> INSTRUCTIONS TO FOLLOW
In the records below, find the line containing "活动邀请同学们围绕学生公寓安", then copy that line and all lines after it, exactly, omitting every picture.

Records contained in a dataset:
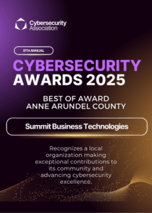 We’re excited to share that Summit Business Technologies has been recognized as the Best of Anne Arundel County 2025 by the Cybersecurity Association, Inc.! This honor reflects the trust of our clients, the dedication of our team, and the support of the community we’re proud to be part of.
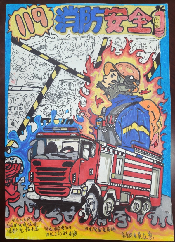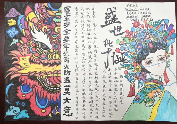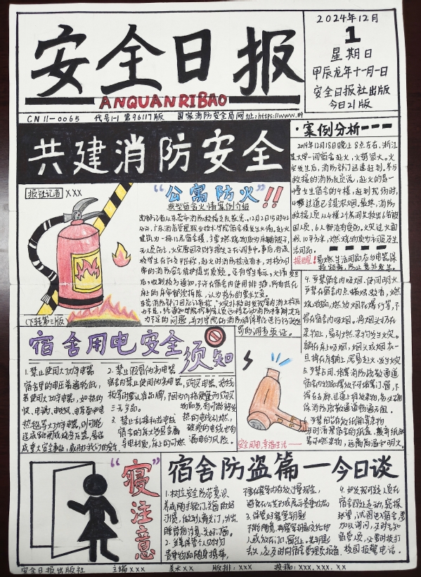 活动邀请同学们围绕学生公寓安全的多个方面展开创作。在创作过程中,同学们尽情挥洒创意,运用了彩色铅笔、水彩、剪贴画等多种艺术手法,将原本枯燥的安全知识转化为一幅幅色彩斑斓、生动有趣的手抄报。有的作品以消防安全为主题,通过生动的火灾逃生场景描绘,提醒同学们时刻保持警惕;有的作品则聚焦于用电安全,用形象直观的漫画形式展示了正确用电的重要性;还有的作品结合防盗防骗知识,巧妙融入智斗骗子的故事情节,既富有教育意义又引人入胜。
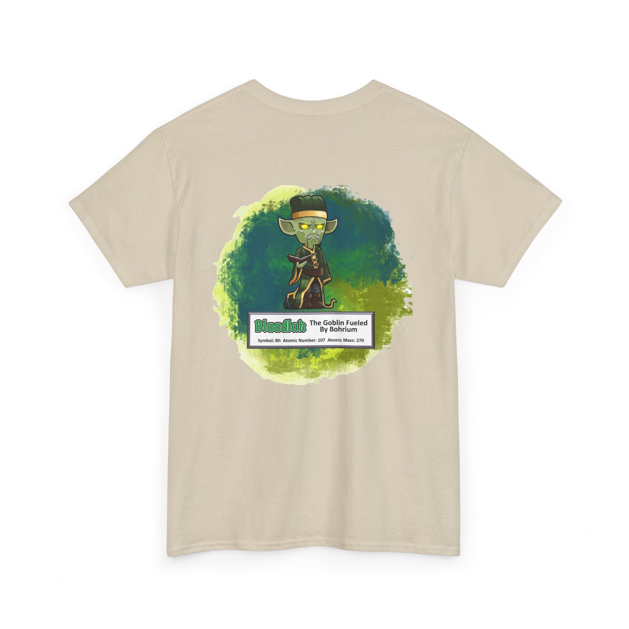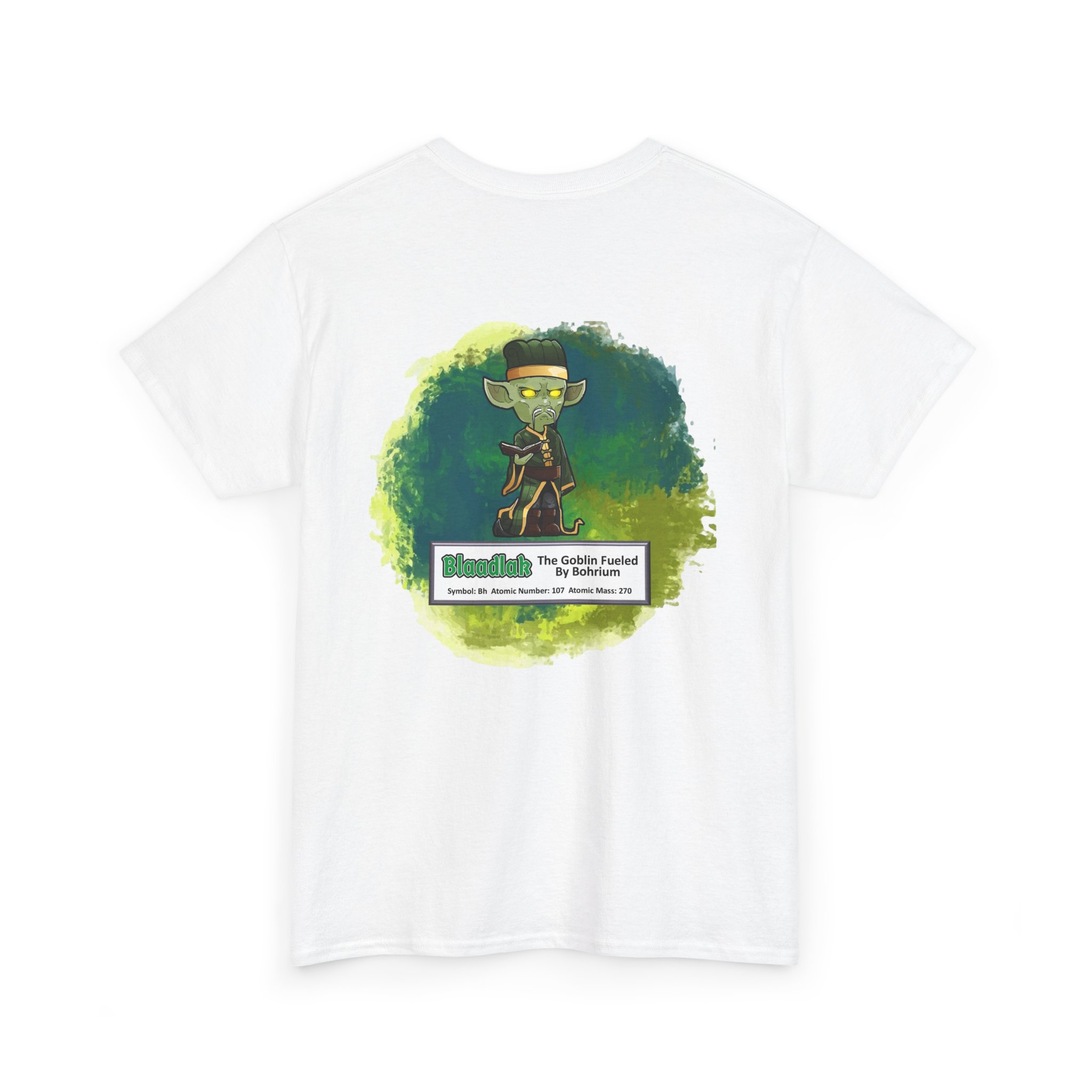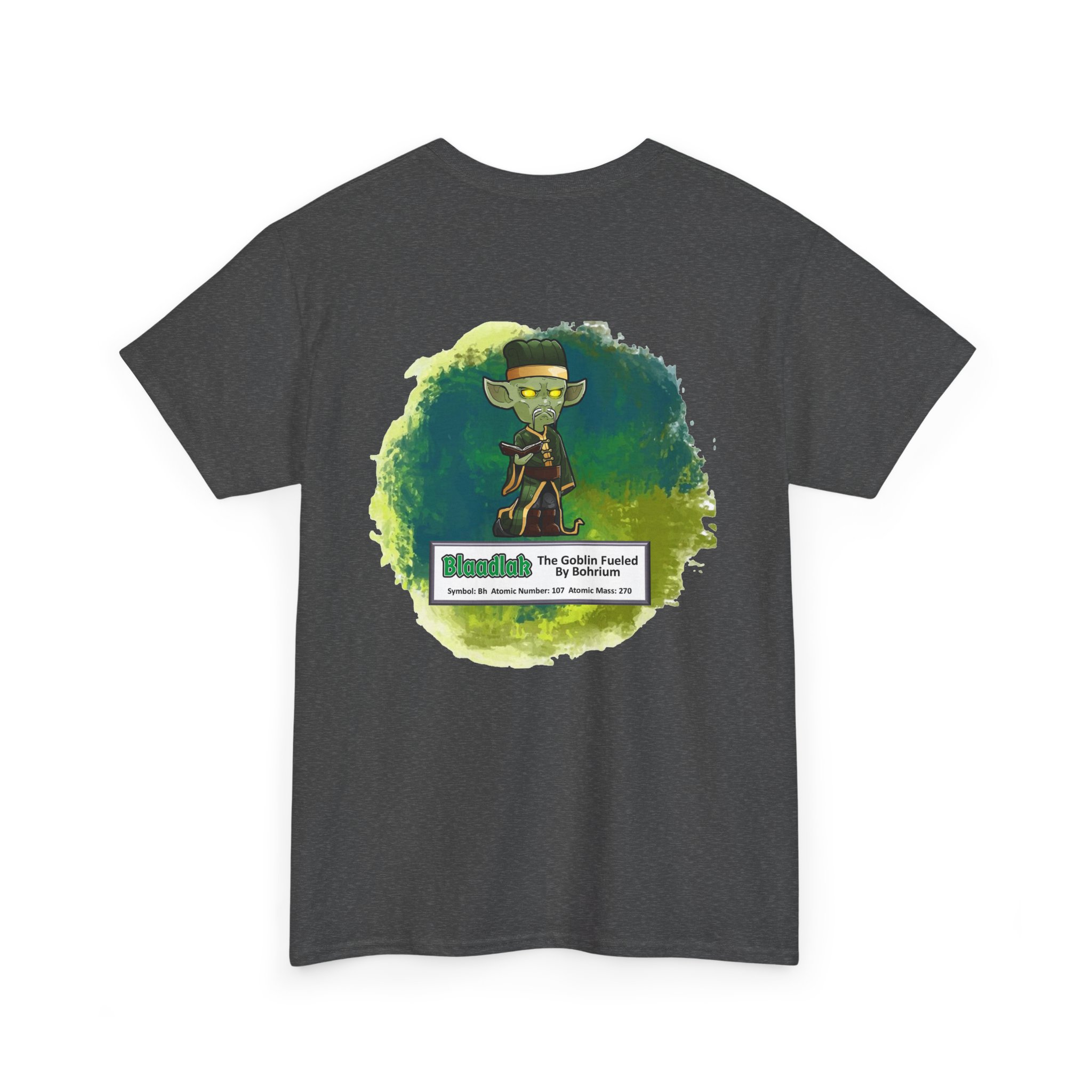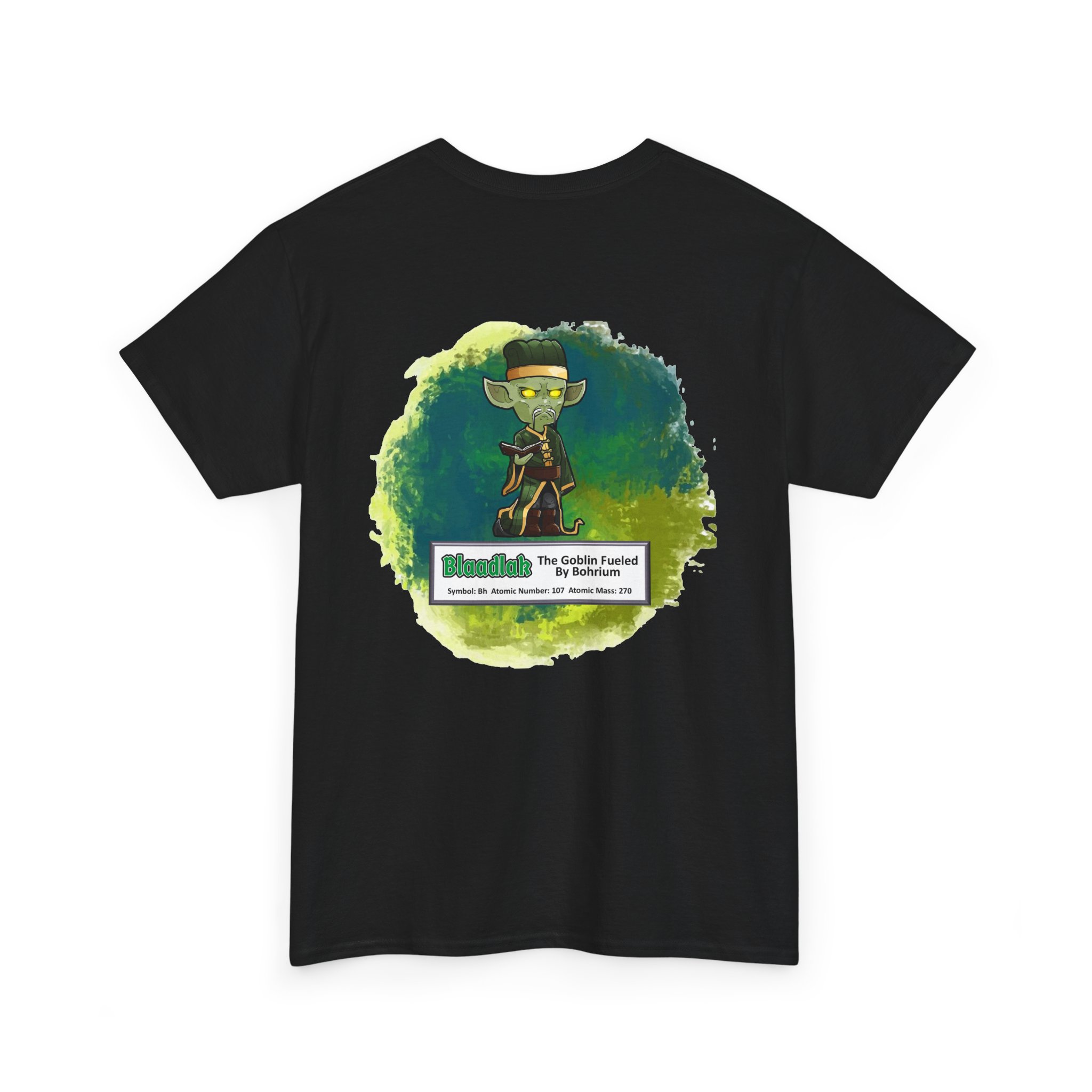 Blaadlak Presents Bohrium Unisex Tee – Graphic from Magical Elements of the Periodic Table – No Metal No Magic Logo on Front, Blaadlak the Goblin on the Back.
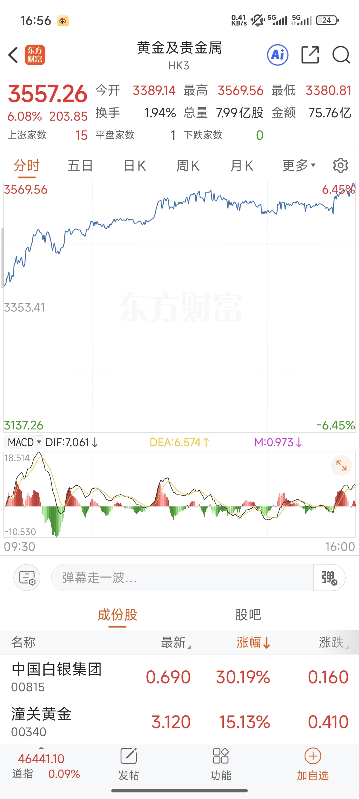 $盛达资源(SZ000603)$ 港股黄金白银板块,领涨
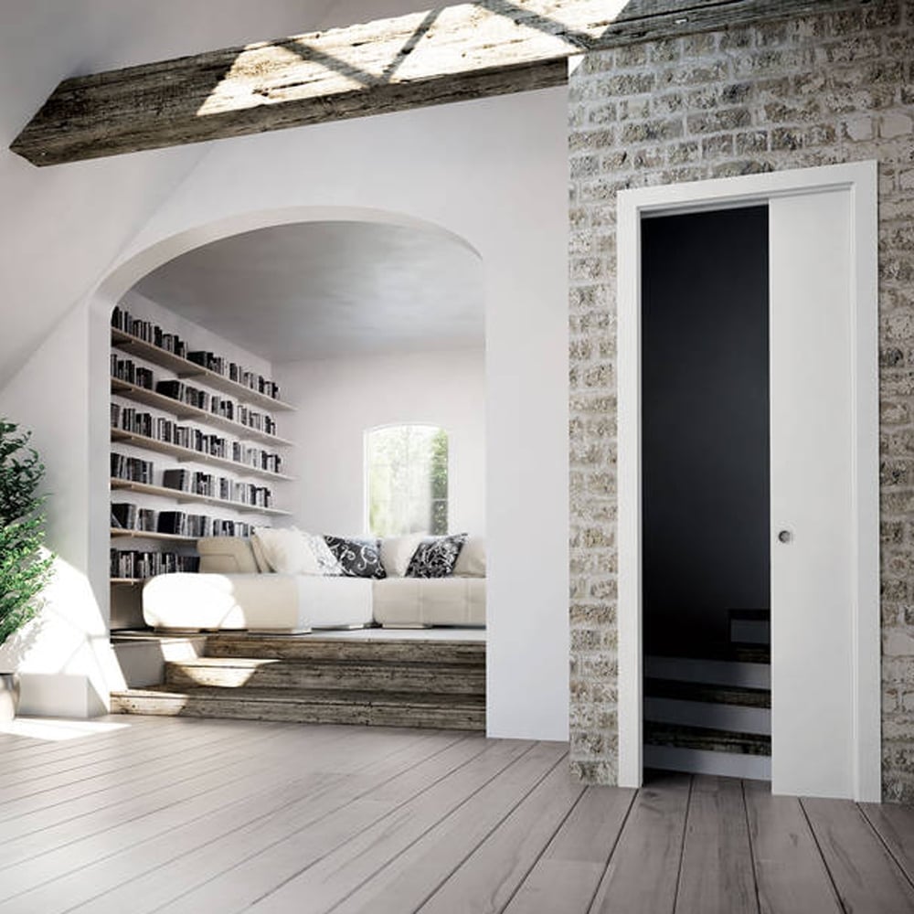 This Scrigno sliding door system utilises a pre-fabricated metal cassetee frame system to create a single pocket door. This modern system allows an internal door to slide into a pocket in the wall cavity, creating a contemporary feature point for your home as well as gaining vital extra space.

> RESULT
 活动邀请同学们围绕学生公寓安全的多个方面展开创作。在创作过程中,同学们尽情挥洒创意,运用了彩色铅笔、水彩、剪贴画等多种艺术手法,将原本枯燥的安全知识转化为一幅幅色彩斑斓、生动有趣的手抄报。有的作品以消防安全为主题,通过生动的火灾逃生场景描绘,提醒同学们时刻保持警惕;有的作品则聚焦于用电安全,用形象直观的漫画形式展示了正确用电的重要性;还有的作品结合防盗防骗知识,巧妙融入智斗骗子的故事情节,既富有教育意义又引人入胜。
 Blaadlak Presents Bohrium Unisex Tee – Graphic from Magical Elements of the Periodic Table – No Metal No Magic Logo on Front, Blaadlak the Goblin on the Back.
 $盛达资源(SZ000603)$ 港股黄金白银板块,领涨
 This Scrigno sliding door system utilises a pre-fabricated metal cassetee frame system to create a single pocket door. This modern system allows an internal door to slide into a pocket in the wall cavity, creating a contemporary feature point for your home as well as gaining vital extra space.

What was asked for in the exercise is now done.